The U.S. Supreme Court has heard oral argument this term in two cases with a potential impact on product liability law: Williamson v. Mazda Motor of Am., Inc., No. 08-1314 (U.S., argued November 3, 2010), and AT&T Mobility LLC. v. Concepcion, No. 09-893 (U.S., argued November 9, 2010). Williamson asks the Court whether the husband of a woman who died in an auto accident while wearing a lap-only seat belt can bring state-law-based claims against the car maker despite applicable federal rules that gave manufacturers the option of installing lap-only seat belts or shoulder/lap restraints in the rear middle seats of passenger vehicles. California courts determined that the federal law preempted the plaintiff’s state-law claims and dismissed the suit. Counsel for the plaintiff reportedly argued that the federal rule created a minimum standard under a statute with a savings clause that preserved common-law remedies. Mazda contended that the federal regulatory scheme, designed to promote child safety and flexibility, would be frustrated by allowing state-tort lawsuits.

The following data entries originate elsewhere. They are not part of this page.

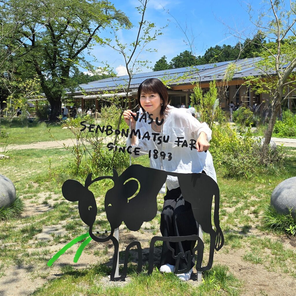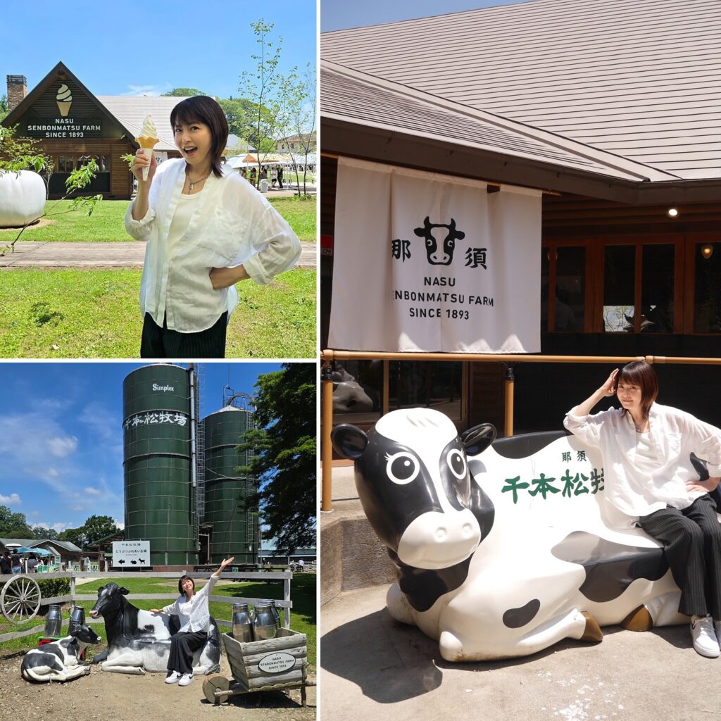 「初めてなのでベタな所に行って来ました。千本松牧場に行って来ました。行った人いるでしょ?連休中なので、失敗したかなというほど人が多かったです。家族連れとかワンちゃん連れてとか。牧場は子供が小さい時には行きましたけど、なかなかこういう機会がないと行かないので。昨日もソフトクリーム食べたけど、今日も食べました。買って写真を撮るまでにもうドロドロになって…。でもみんなで美味しく食べました。牛乳とかヨーグルトもありました。生クッキーとかもあって、千本松ホロット?ホロッコ?ホッホー?…ホロッホー?」客席からホロッホー!と叫んでたので、さながらハトポッポ大会の様相に。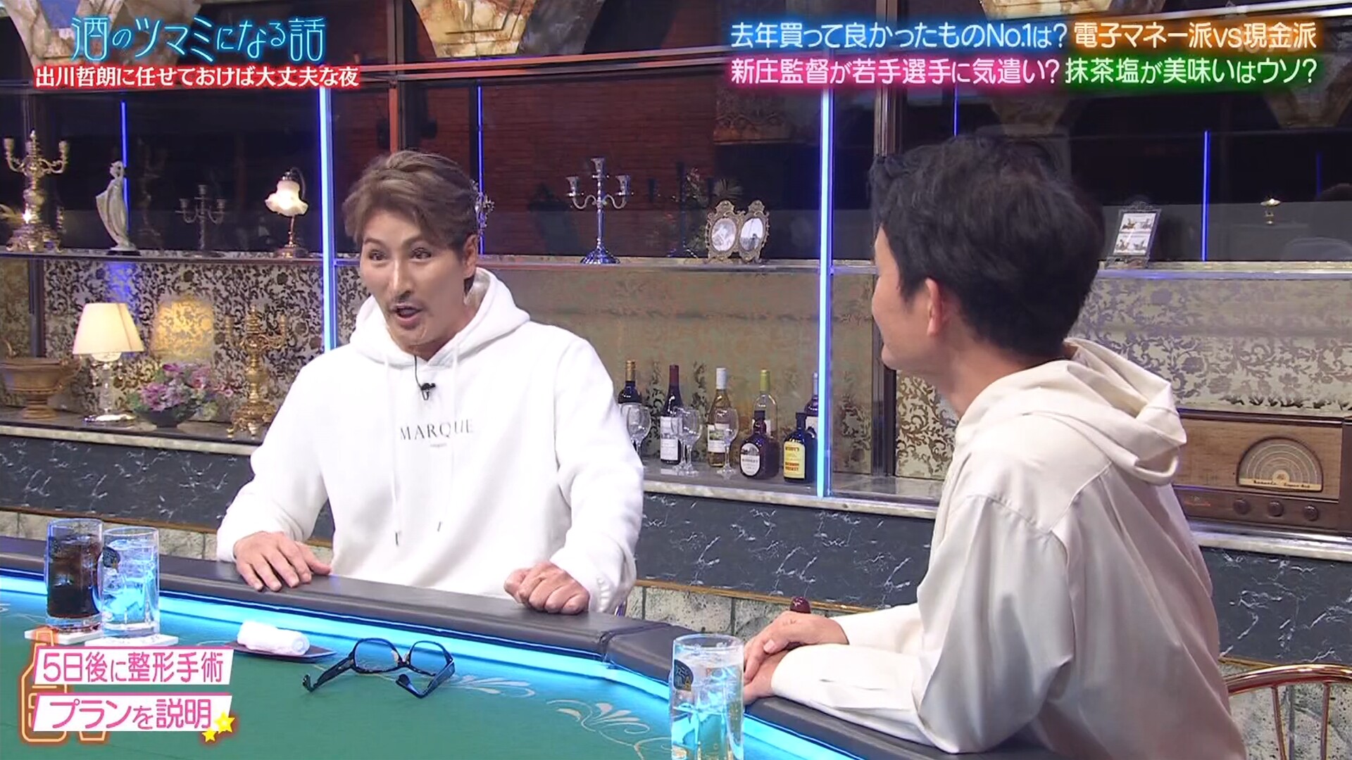 「僕、首のシワが嫌いなんですよ。だからあごの下を切って、ここ(首の皮膚)を伸ばすんですよ。それで(ほおの)脂肪を取って、上にあげて縫うんです」と、話は手術の専門的な部分にも及んだ。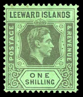 1938 1/- black on emerald paper, R9/6 RP ‘DI’ flaw, unmounted o.g. with good gum for this. SG 110a, £600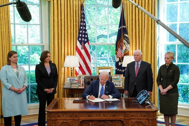 美国总统 Joe Biden 签署《乌克兰民主防卫租借法案》,华盛顿白宫。5月9日,Biden 签署一项旨在加快向乌克兰提供武器的新法案,主要内容是授予总统更大权限向乌克兰提供武器并简化程序流程。这是美国政府自第二次世界大战后首次使用武器租借法案。Biden 还敦促国会尽快批准对乌克兰提供330亿美元援助的相关法案。俄乌冲突爆发以来,美国已累计向乌克兰提供38亿美元军事援助。摄影师:Kevin Lamarque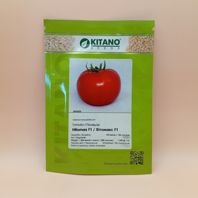 Хітомакс F1 насіння томата індетермінантного (Kitano Seeds). Індетермінантний ранній помідор для вживання в свіжому вигляді. Термін дозрівання 100 - 105 днів. Рослина з хорошою силою зростання, сильними коренями, розвиненою вегетативною масою, яка захищае урожай від опіків. Хітомакс F1 закладае по 5-6 плодів на кисті. Томати округлі, тверді, червоного кольору, дуже смачні і апетитні, вагою 180 гр. Підходить для культивування в теплицях з плівки в весняно літньому обороті. Додаткова інформація про гібрид: хороше завязування при стресі; стійкість до розтріскування; транспортабельність; дружне дозрівання до останньої вибірки; толерантність до вертицильозу, фузаріозу раси 3, вірусам томатної мозаїки, плямистого в'янення і жовтої кучерявості листя.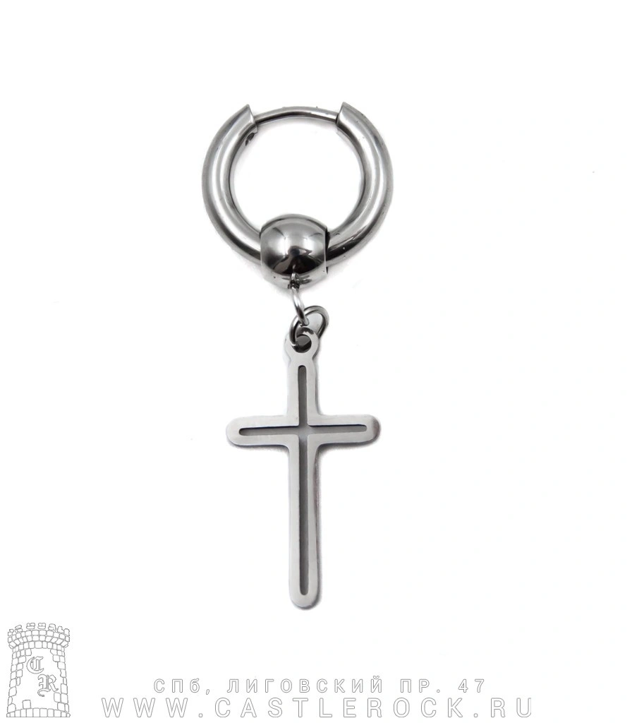 Серьга кликер с подвеской Крест (прорезанный, сечение круглое) 15 мм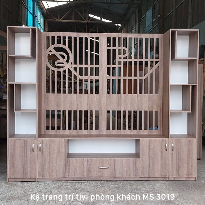 Mẫu ván melamine sản xuất kệ trang trí tivi phòng khách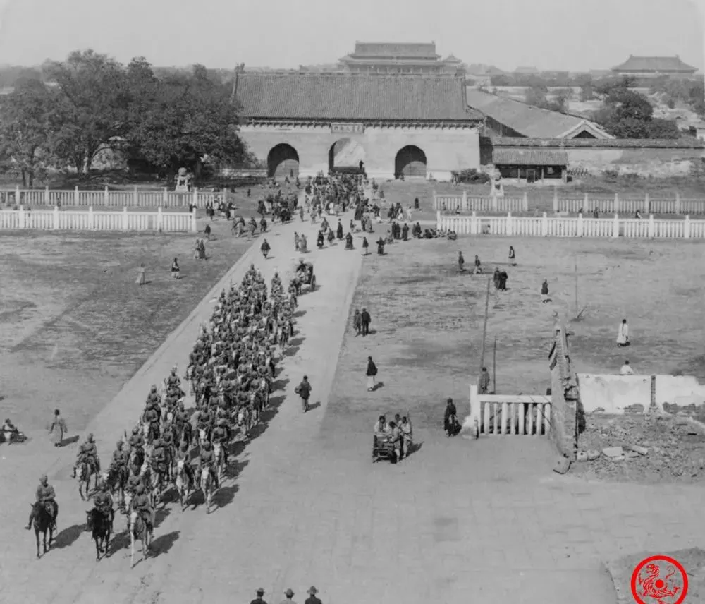 这个阵仗大,新鲜的不是北京人,是八国联军的骑兵,照片里大队马队从大清门里直接晃晃当当走出来,以前皇城正门,甭说老百姓,连官员都得下马侧身溜过去,今天倒好,洋枪队伙计走得比谁都凶,后头跟着几个大轿子,城墙上站满看热闹的人,这场面让老头子见了只叹气,昔日皇门如今换了兵把守,规矩都成了烟,也没人再提拱手作揖那一套了。
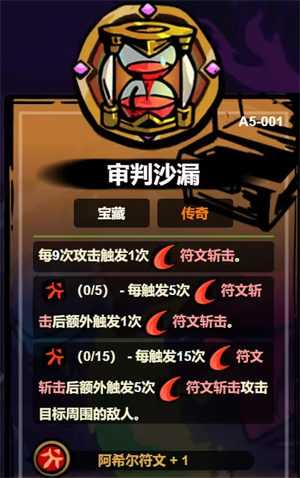 1、斩击流的核心为沙漏,不建议拿到护腕或猎人印记来走斩击流。目前只有四个稳定传奇来源,对于五件红流斩击来说拿不全,即沙漏,被侵蚀的护腕,猎人印记,无形之刃和诡异的眼镜。而护腕和印记两者绑定程度较高,单拿一个效果不好,沙漏后更推荐优先拿通用的无形之刃和眼镜,可以转蓝流增伤等更加灵活,也可以避免纯斩击流找不到关键传奇道具的尴尬。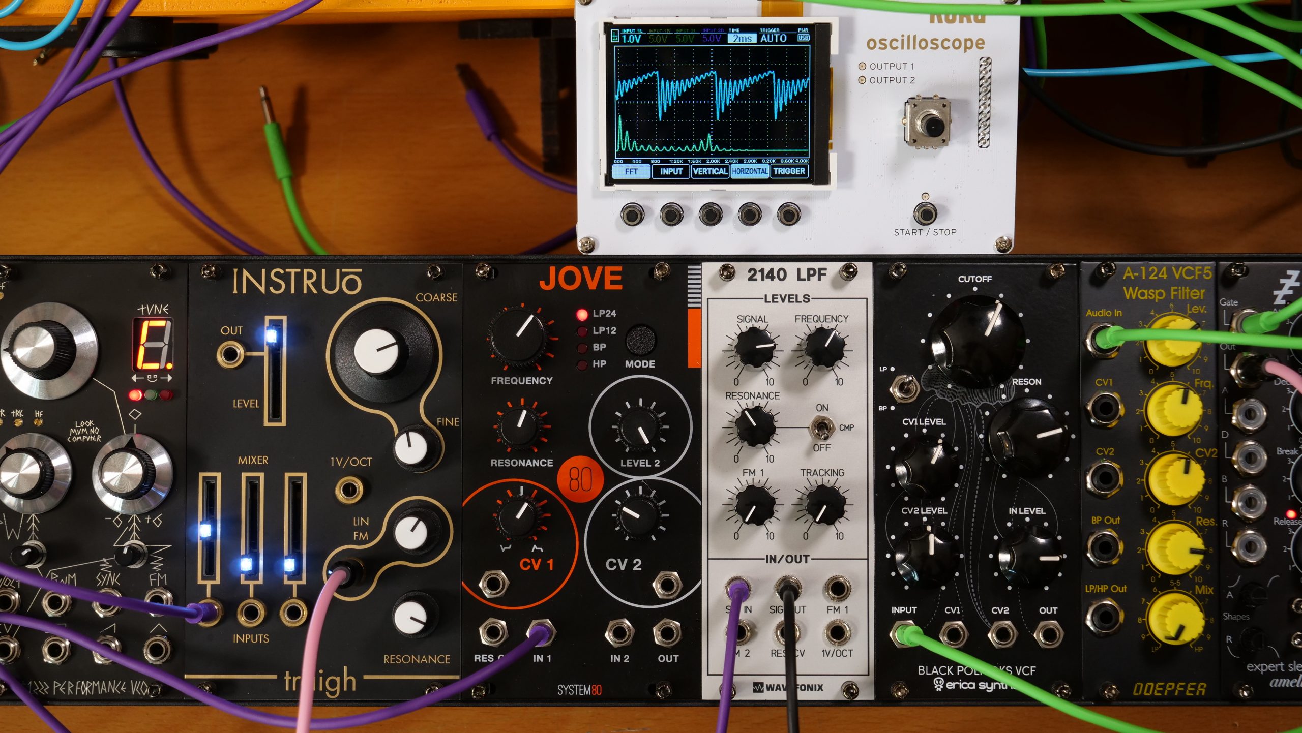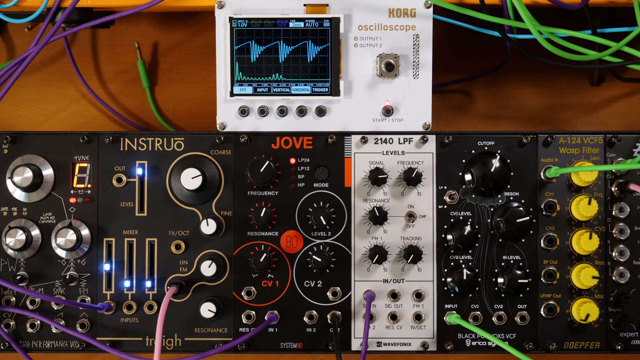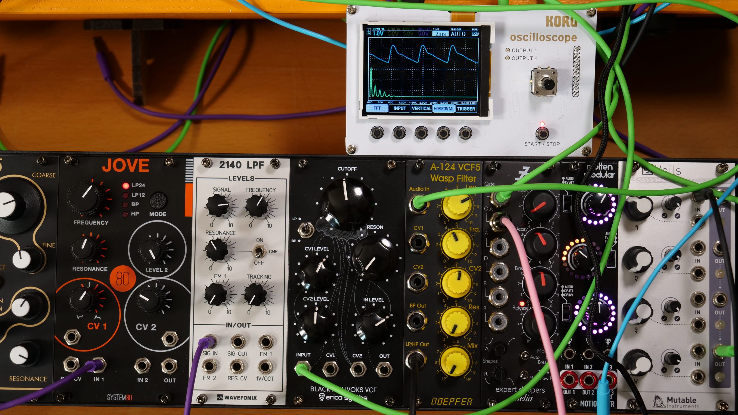 First, I ran through a static sawtooth wave and observed what happened as I moved the cut-off and resonance knobs. Then I patched an envelope to the cut-off and routed a sequence to the same sawtooth oscillator. The filters in question were the Instruo Traigh ladder filter, the System80 Jove Jupiter-6 filter, the Wavefonix 2140 OTA filter, the Erica Synths Polivoks filter and the Doepfer A-124 Wasp filter.
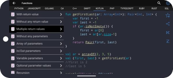 Aplikasi ini dilengkapi dengan tutorial pemrograman dasar hingga tingkat lanjut, cocok bagi mereka yang ingin belajar coding dari nol.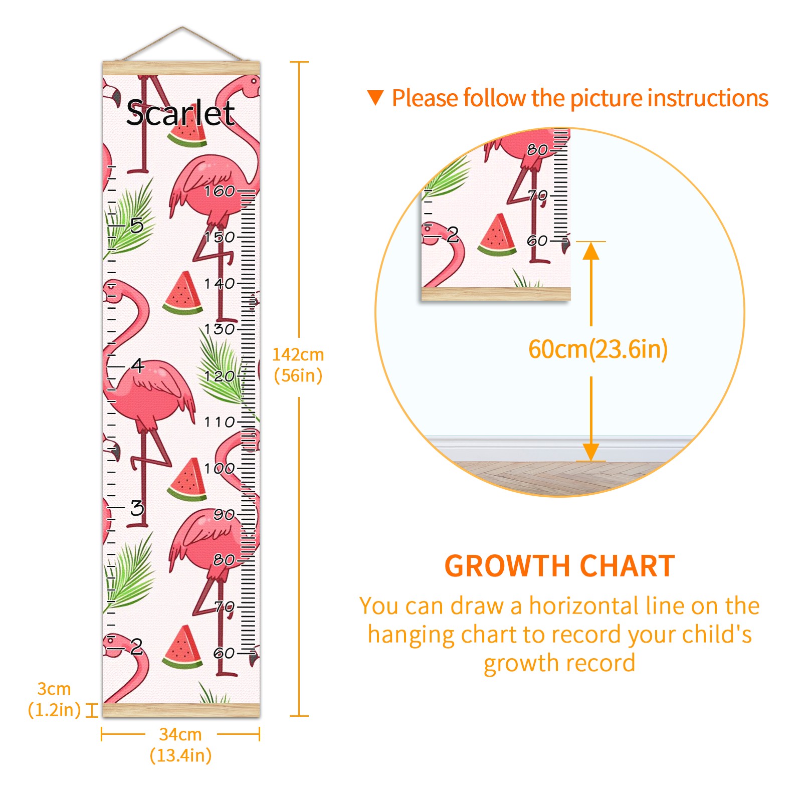 <p><b>Features:</b></p> <p>Rope for Hanging</p> <p>Material: Linen + Wood</p> <p>Dimensions: 13.4x56 inches</p> <p>Package Included: 1 * Baby Growth Chart</p> <p><b>Baby height growth chart can be used anywhere</b></p> <p>Ideal for kids nursery decoration, kids bedroom, interior walls or windows, playroom, living room, homedecoration.Add name and make the growth chart special!</p> <p><b>Easy to fold and carry</b></p> <p>With rope at the top of the growth chart, it is easy to install and remove.You can fold it and unfold any time any where.</p> <p><b>Perfect Gift Idea for Kids</b></p> <p>Environmental and non-toxic for kids use, it must be a perfect gift for baby, kids, girls, and boys.This is a best choice for your friend who have kids or baby as a popular gift.</p> <p><b>Easy to read</b></p> <p>Measurement accrate with 2 scales, Centimeters and feet. The letters are big enough, very easy to read.</p> <p><b>60cm(23.6inch) Over Ground Design</b></p> <p>Not only can protect from dust and other damage, but also will not interfere in floor cleaning.</p>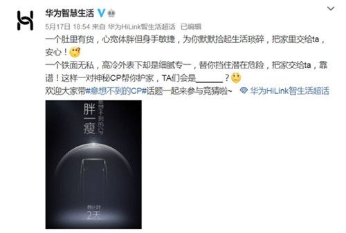 日前,@华为智慧生活 官方微博正式官宣#意想不到的CP#,“一对神秘CP帮你护家,TA们会是___?”简单的预热文字中,“护家”、“靠谱”、“安心”等关键词十分抢眼,吸引了不少网友前来竞猜,场面十分火热。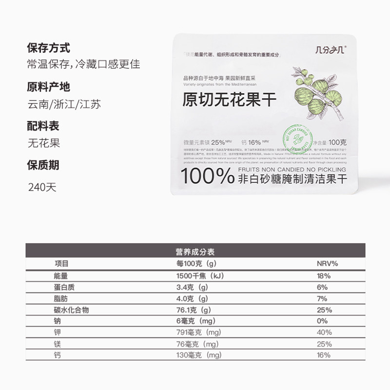 几分之几原切无花果干,精选优质新鲜无花果,采用低温慢烘工艺,完整保留果肉纤维与天然营养,非蜜饯、无添加糖、无硫熏、无防腐剂,真正还原水果本味。每一片都是原果切制,口感软糯香甜,自然回甘,是健康即食的理想选择。作为风靡网络的天然零食,不仅适合日常休闲,更成为孕妇、宝妈及注重健康人群的首选。无花果富含膳食纤维、维生素和矿物质,助力肠道健康,补充能量。几分之几坚持天然理念,让每一口都安心、纯净、营养,是追求高品质生活的您不可错过的健康美味。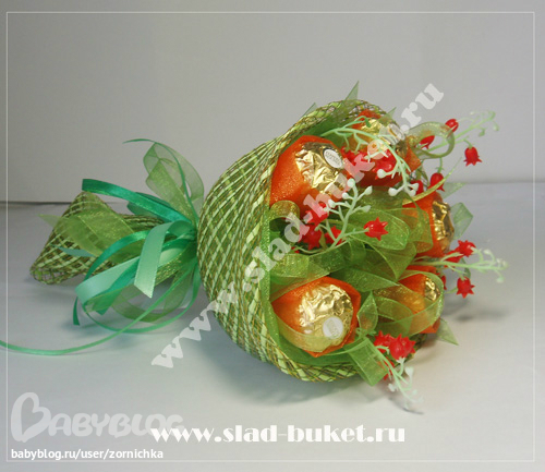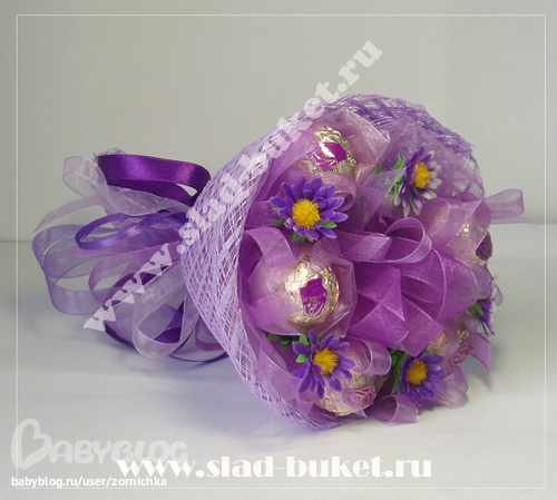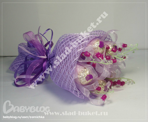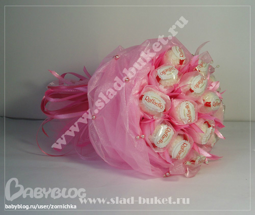 хорошие букетики! а мне с рафаэлками приглянулся, может потому что конфеток по больше и нежненький такой!оля, а как ты рафаэлки крепишь, чтоб названием вверх смотрели, я что то никак догнать не могу)))) подскажи, пожалуйста!!!

Numerous commentators and legal scholars, meanwhile, wonder whether Concepcion “could end class-action litigation in America as we know it.” In that case, AT&T was sued for deceptive practices because it advertised discounted cell phones but charged sales tax on the full retail price. The plaintiffs sued on behalf of a class of consumers for alleged overpayments, but AT&T pointed to its customer contract, which required all claims to be submitted to arbitration and did not allow them to be pursued on a class-wide basis. Lower federal courts struck down the contract, ruling that it was imposed on consumers and violated public policy. The company argues that the Federal Arbitration Act preempts states “from conditioning the enforcement of an arbitration agreement on the availability of particular procedures—here, class-wide arbitration—when those procedures are not necessary to ensure that the parties to the arbitration agreement are able to vindicate their claims.”
Numerous friend-of-the-court briefs have been filed in the case, and some commentators suggest that if the Court agrees with AT&T, “the consequences could be staggering.” According to Vanderbilt Law School Associate Professor Brian Fitzpatrick, “virtually all class actions today occur between parties who are in transactional relationships with one another: shareholders and corporations, consumers and merchants, employees and employers.… Once given the green light, it is hard to imagine any company would not want its shareholders, consumers and employees to agree to” arbitration agreements with class-action waivers. Fitzpatrick calls such an outcome “a terrible mistake,” arguing that the class-action device was created to help those with injuries too small to vindicate on an individual basis. By banding together, they can stop companies from cheating “people out of small amounts with impunity.”
Corporate interests find that class actions are not good for business, and an AT&T spokesperson reportedly noted that its arbitration agreement was consumer-friendly and offered significant benefits because it avoids “the burdensome costs of lawyer-driven class actions.” See The National Law Journal, November 3, 2010; The Los Angeles Times, November 5, 2010; The San Francisco Chronicle, November 7, 2010.